━━━ Information
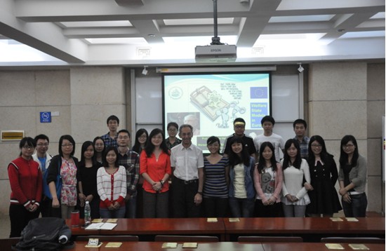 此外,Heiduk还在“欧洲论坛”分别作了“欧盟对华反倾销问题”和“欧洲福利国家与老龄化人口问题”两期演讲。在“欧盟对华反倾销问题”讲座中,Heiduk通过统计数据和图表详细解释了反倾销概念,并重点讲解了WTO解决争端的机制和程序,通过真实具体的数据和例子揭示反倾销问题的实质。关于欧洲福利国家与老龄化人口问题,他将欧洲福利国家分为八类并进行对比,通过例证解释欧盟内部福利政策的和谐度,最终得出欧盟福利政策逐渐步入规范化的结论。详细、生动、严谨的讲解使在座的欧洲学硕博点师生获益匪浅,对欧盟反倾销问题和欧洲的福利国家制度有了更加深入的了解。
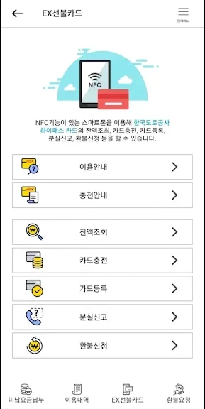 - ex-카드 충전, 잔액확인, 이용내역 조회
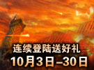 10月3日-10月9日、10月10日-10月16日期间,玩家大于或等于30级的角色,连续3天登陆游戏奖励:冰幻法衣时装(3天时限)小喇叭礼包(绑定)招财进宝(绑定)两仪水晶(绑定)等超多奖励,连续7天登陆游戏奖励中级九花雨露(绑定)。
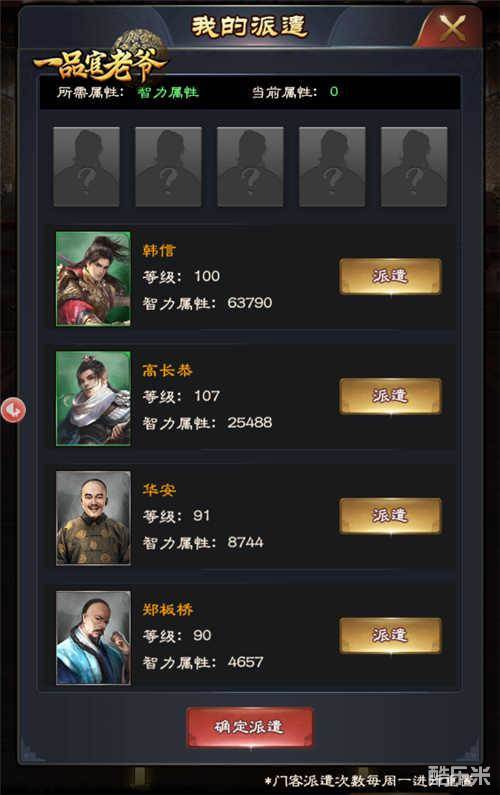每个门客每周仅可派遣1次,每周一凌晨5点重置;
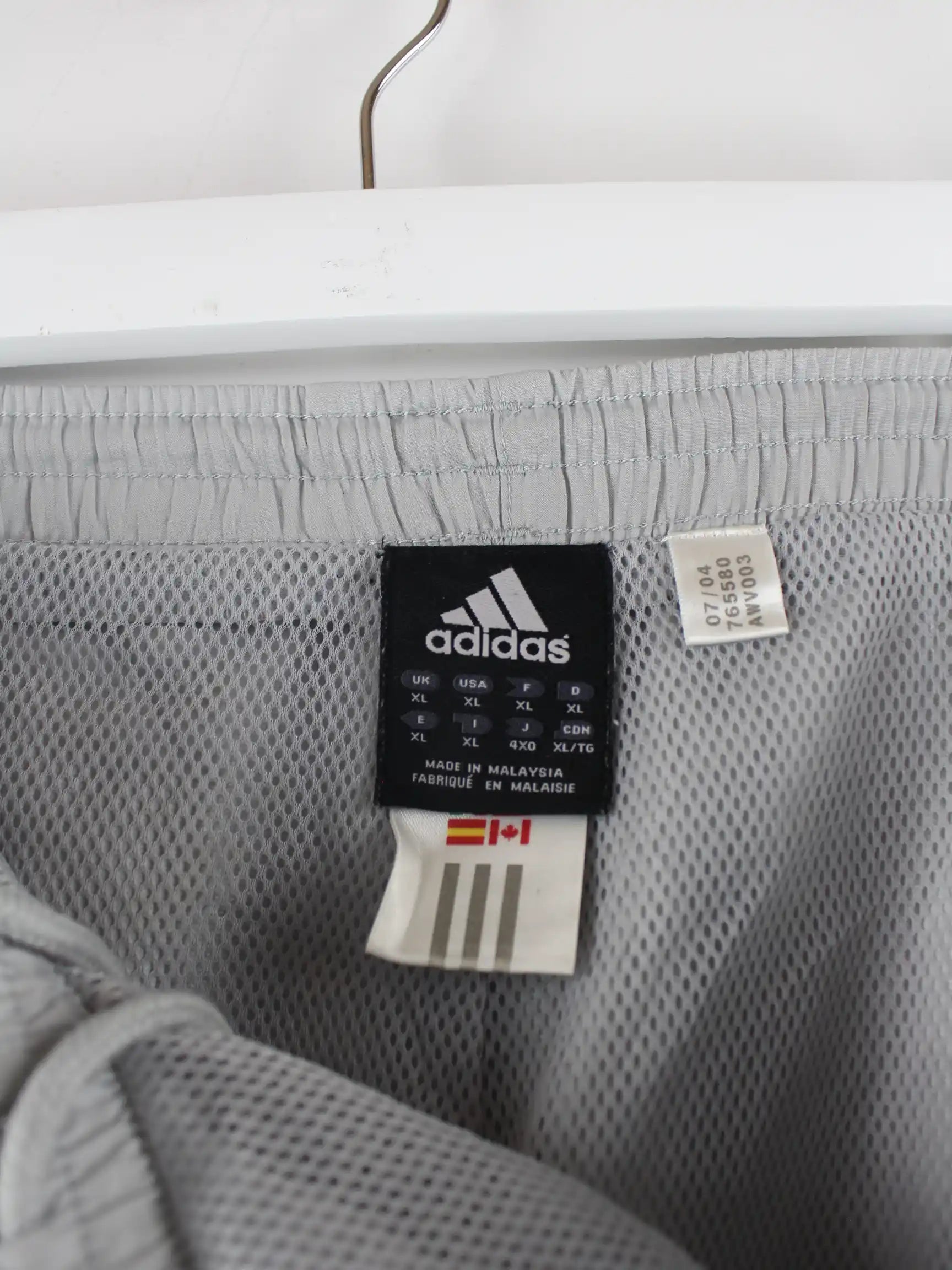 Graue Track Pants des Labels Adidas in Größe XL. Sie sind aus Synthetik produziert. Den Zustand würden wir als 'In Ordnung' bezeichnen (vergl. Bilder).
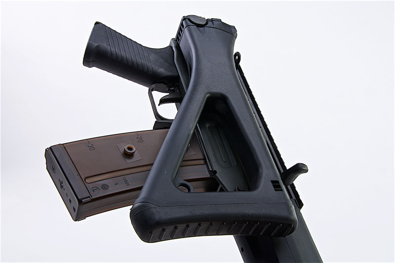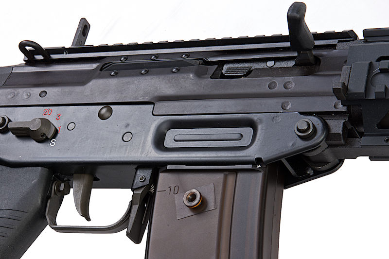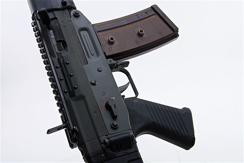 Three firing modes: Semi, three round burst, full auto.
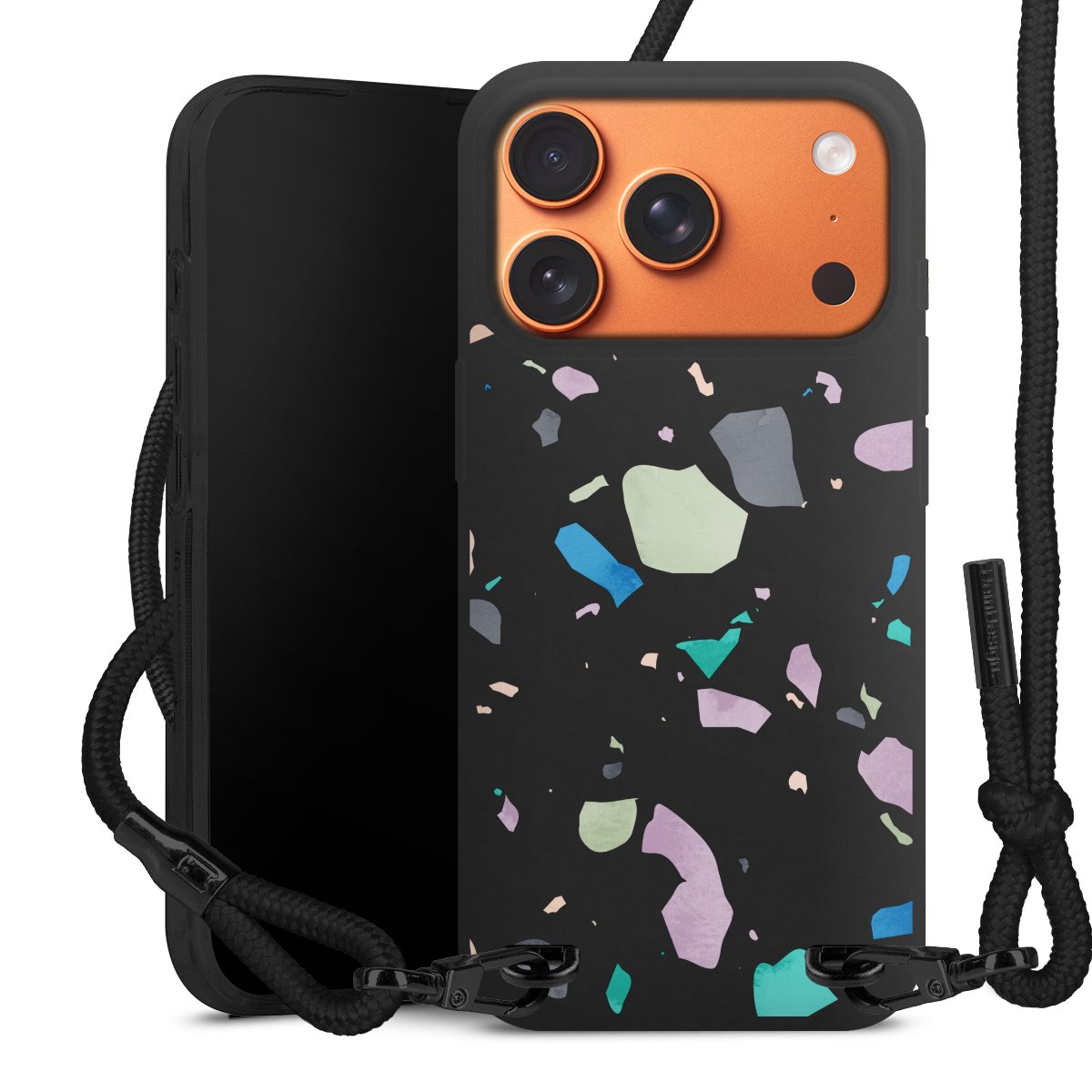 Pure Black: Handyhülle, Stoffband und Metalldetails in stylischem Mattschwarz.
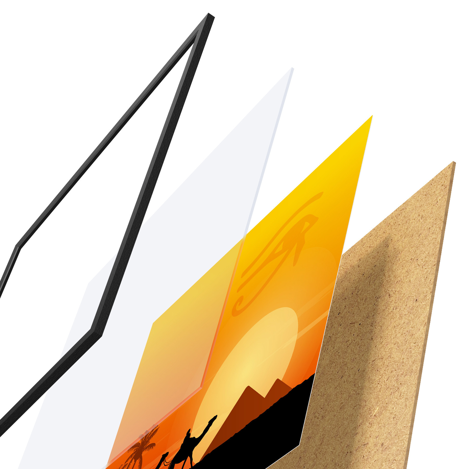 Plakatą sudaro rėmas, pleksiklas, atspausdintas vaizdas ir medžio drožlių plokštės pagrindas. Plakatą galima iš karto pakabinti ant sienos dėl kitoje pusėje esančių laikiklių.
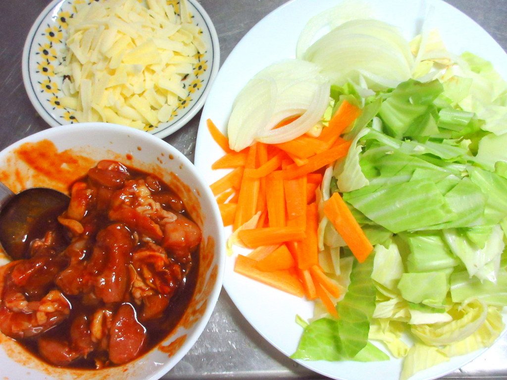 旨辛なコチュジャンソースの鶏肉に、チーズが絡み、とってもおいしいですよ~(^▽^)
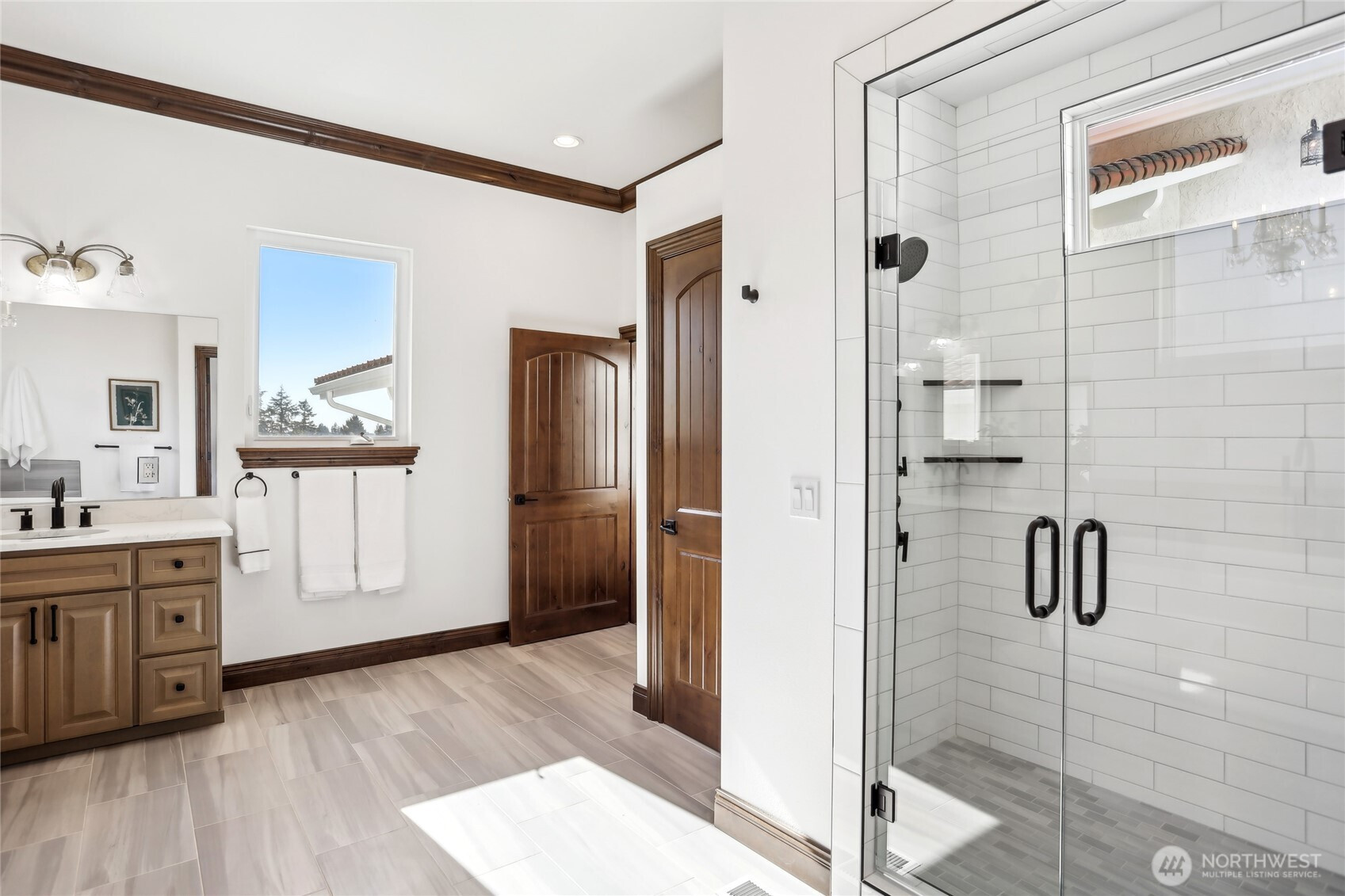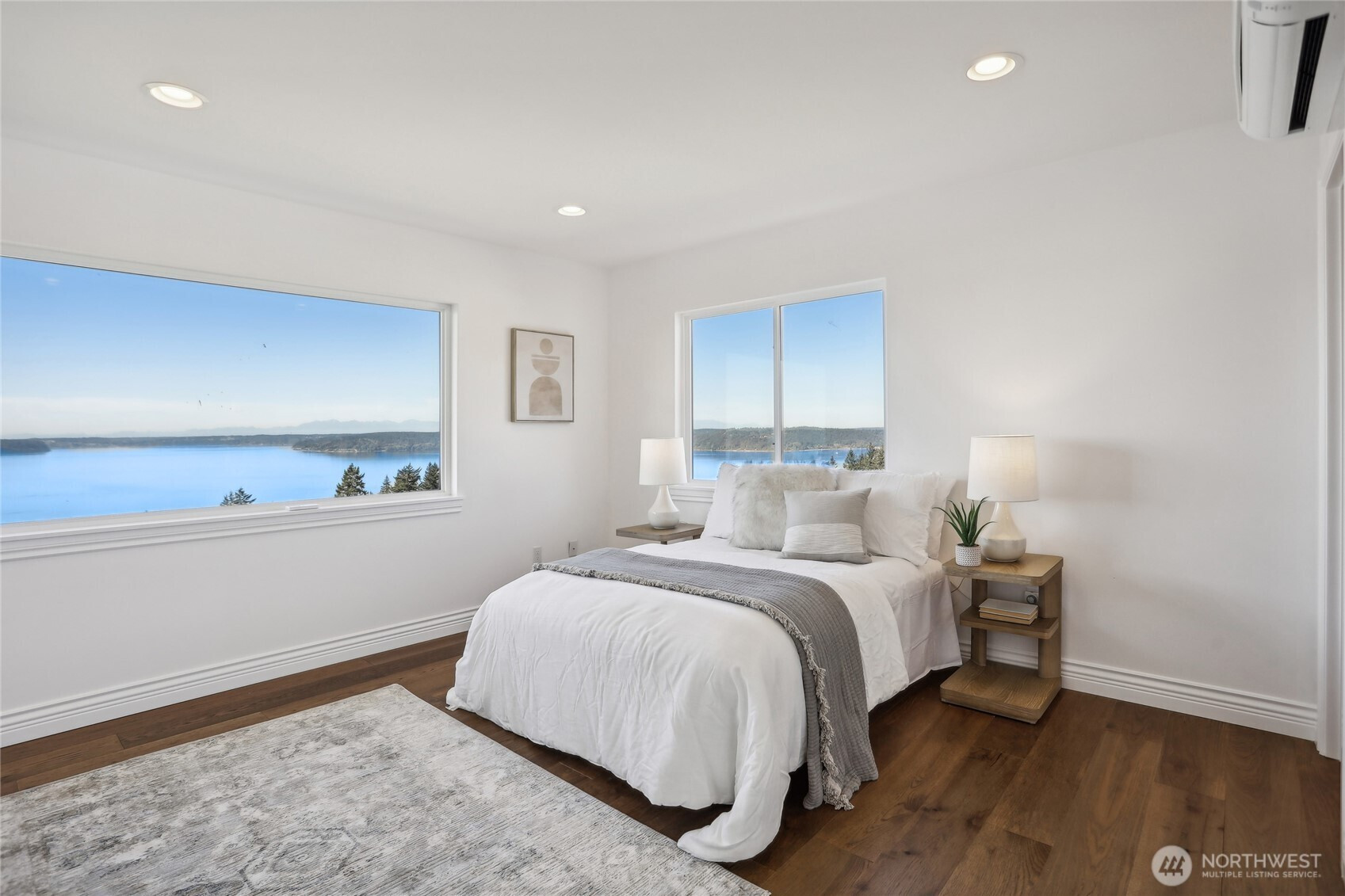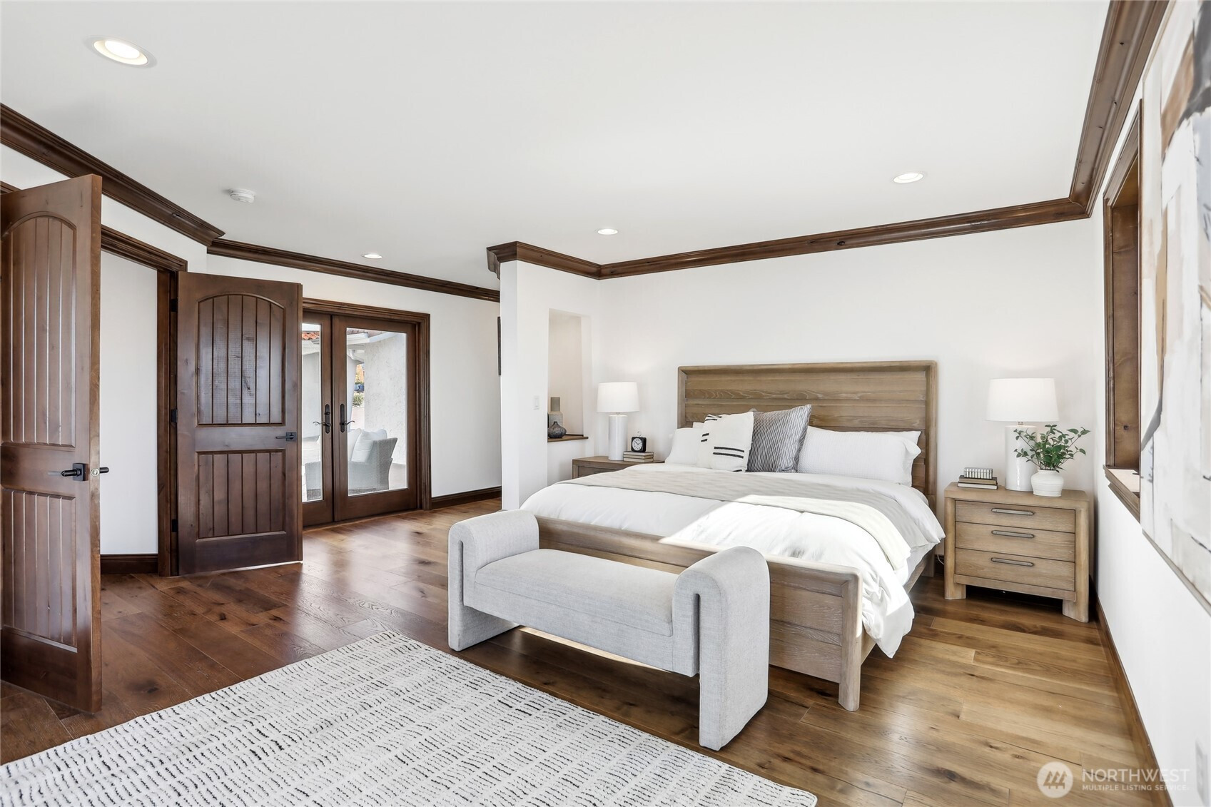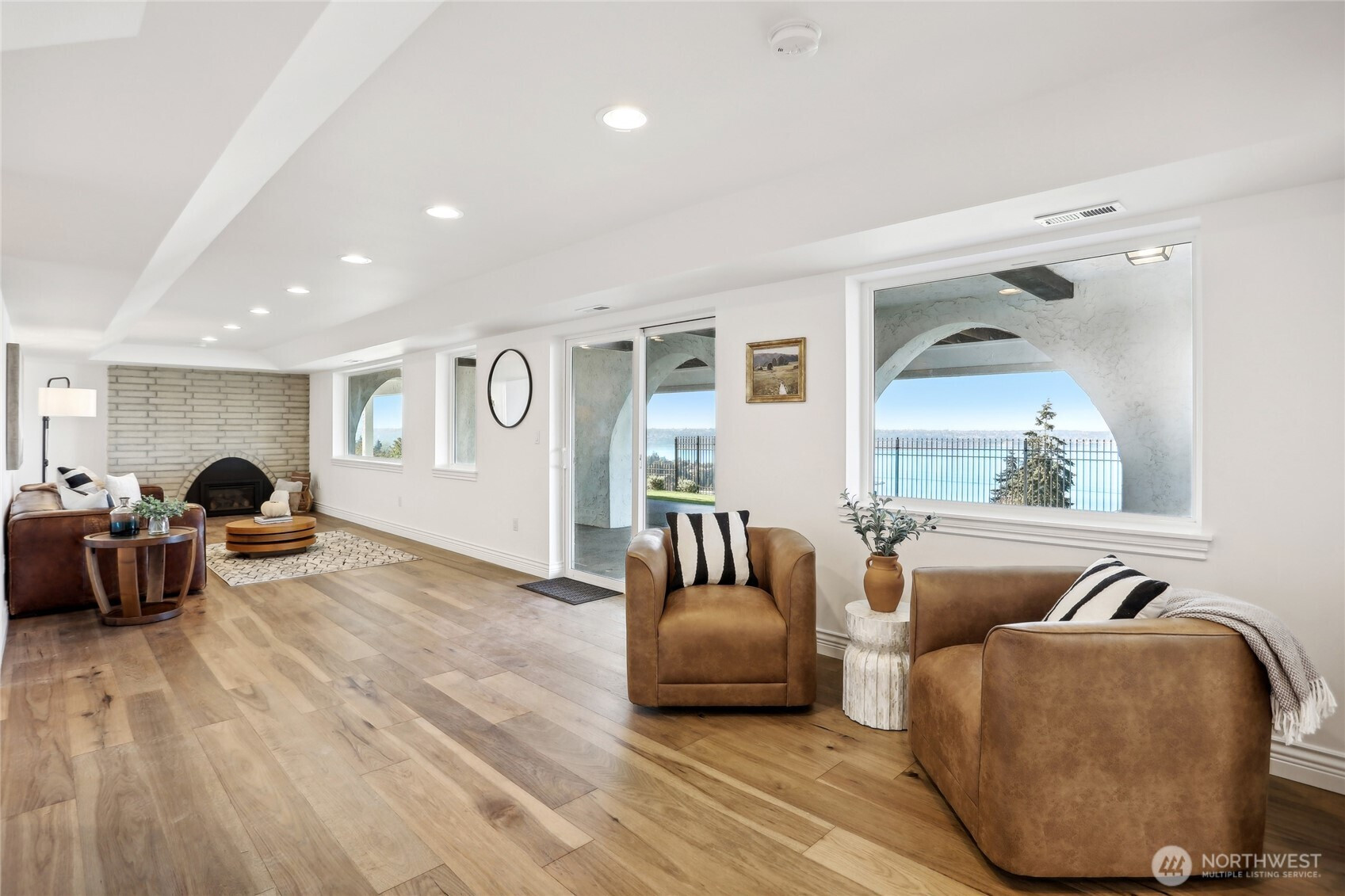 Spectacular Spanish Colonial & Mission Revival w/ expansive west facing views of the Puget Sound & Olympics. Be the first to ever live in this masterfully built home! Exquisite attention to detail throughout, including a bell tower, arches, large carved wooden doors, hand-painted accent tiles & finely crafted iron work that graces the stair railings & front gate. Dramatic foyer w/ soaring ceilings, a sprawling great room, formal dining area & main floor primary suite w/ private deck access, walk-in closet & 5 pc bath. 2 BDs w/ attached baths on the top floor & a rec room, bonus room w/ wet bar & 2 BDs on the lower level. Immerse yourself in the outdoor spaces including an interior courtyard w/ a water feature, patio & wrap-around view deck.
━━━━━━
**Goal of the exercise**
All lines above from the one containing "10月3日-10月9日、10" up to and including the one containing "Three firing modes: Semi, three" are to be set down exactly, and nothing else. Leave images out.

**Result below**
 10月3日-10月9日、10月10日-10月16日期间,玩家大于或等于30级的角色,连续3天登陆游戏奖励:冰幻法衣时装(3天时限)小喇叭礼包(绑定)招财进宝(绑定)两仪水晶(绑定)等超多奖励,连续7天登陆游戏奖励中级九花雨露(绑定)。
每个门客每周仅可派遣1次,每周一凌晨5点重置;
 Graue Track Pants des Labels Adidas in Größe XL. Sie sind aus Synthetik produziert. Den Zustand würden wir als 'In Ordnung' bezeichnen (vergl. Bilder).
 Three firing modes: Semi, three round burst, full auto.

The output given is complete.